What Is Blended Learning? (+Types, Benefits, Examples)
- Published:
- Updated: July 2, 2024
Blended learning has gained tremendous popularity, and learning professionals have lauded its advantages. Blended learning combines the benefits of traditional classroom teaching with emerging technology and online educational resources to make learning more real-time, contextual, and engaging.
The concept of blended learning continues to evolve as we have left the traditional classroom and corporate offices in replace of online learning, remote work, and digital workplaces. Now, learners still have traditional, trainer-led lessons and coaching sessions, but this is blended with self-guided, interactive experiences, provides hands-on training, and enables employees in the flow of work.
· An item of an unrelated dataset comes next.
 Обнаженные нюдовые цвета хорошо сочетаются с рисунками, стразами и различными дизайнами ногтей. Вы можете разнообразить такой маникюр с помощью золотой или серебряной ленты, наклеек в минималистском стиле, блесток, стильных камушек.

In this article, we’ll explore the concept of blended learning, highlight its benefits, and walk you through building a blended learning program for your corporate learning. We’ll also show you how Whatfix enables CIOs, L&D teams, and application owners to accelerate digital transformation by enabling employees with interactive, in-app guidance and blended learning experiences that support them in the context of their daily tasks and workflows.
What Is Blended Learning?
Blended learning combines the best of two training environments – traditional face-to-face learning and eLearning – to meet the evolving needs of modern learners.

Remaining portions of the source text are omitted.